Print the whole listing again exactly as it stands, leaving out any images.

■ **Source material**:
========
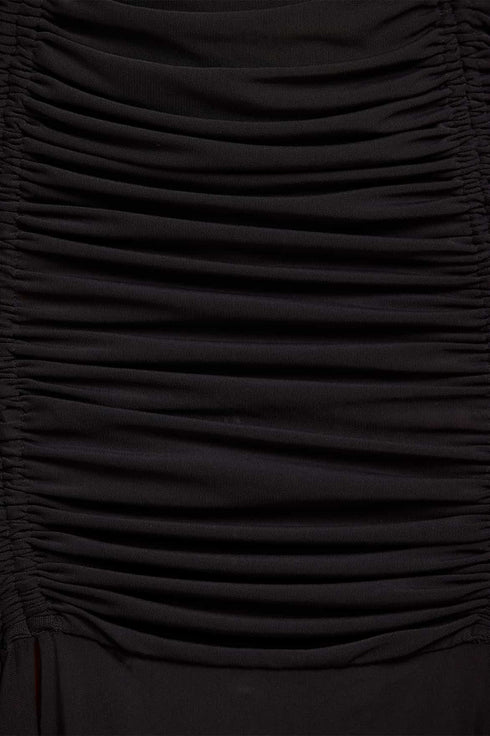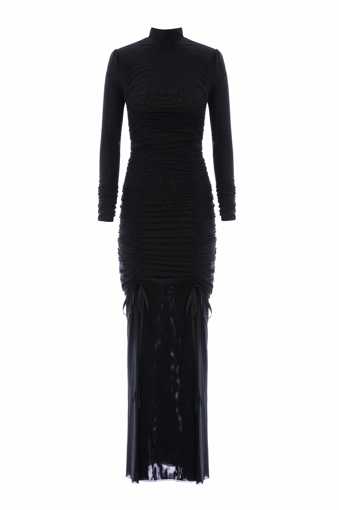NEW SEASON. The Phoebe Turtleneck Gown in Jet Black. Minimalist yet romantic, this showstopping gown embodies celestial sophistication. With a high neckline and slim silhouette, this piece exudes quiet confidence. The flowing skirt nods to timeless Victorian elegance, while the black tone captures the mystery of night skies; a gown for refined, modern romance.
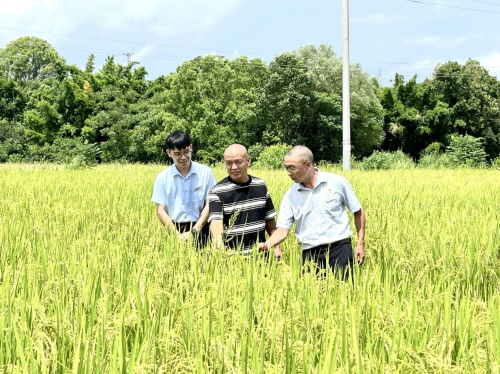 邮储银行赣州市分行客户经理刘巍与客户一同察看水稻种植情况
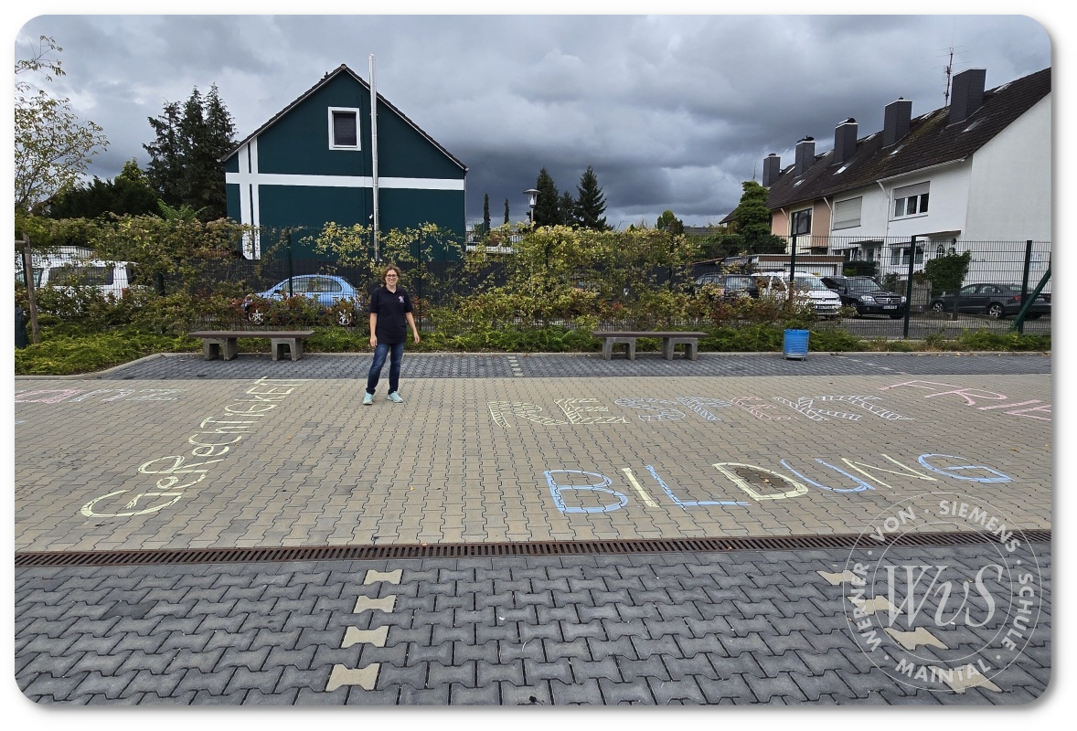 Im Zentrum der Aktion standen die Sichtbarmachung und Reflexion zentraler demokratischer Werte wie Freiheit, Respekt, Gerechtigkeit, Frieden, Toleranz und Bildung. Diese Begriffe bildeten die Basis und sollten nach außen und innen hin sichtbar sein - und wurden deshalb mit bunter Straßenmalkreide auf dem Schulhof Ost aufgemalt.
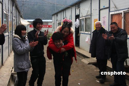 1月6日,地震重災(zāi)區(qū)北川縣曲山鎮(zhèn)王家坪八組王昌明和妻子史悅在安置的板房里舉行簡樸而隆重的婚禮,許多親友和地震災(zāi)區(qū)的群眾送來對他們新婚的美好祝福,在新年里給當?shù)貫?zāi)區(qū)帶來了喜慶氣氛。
========
■ **Exercise response**:
NEW SEASON. The Phoebe Turtleneck Gown in Jet Black. Minimalist yet romantic, this showstopping gown embodies celestial sophistication. With a high neckline and slim silhouette, this piece exudes quiet confidence. The flowing skirt nods to timeless Victorian elegance, while the black tone captures the mystery of night skies; a gown for refined, modern romance.
 邮储银行赣州市分行客户经理刘巍与客户一同察看水稻种植情况
 Im Zentrum der Aktion standen die Sichtbarmachung und Reflexion zentraler demokratischer Werte wie Freiheit, Respekt, Gerechtigkeit, Frieden, Toleranz und Bildung. Diese Begriffe bildeten die Basis und sollten nach außen und innen hin sichtbar sein - und wurden deshalb mit bunter Straßenmalkreide auf dem Schulhof Ost aufgemalt.
 1月6日,地震重災(zāi)區(qū)北川縣曲山鎮(zhèn)王家坪八組王昌明和妻子史悅在安置的板房里舉行簡樸而隆重的婚禮,許多親友和地震災(zāi)區(qū)的群眾送來對他們新婚的美好祝福,在新年里給當?shù)貫?zāi)區(qū)帶來了喜慶氣氛。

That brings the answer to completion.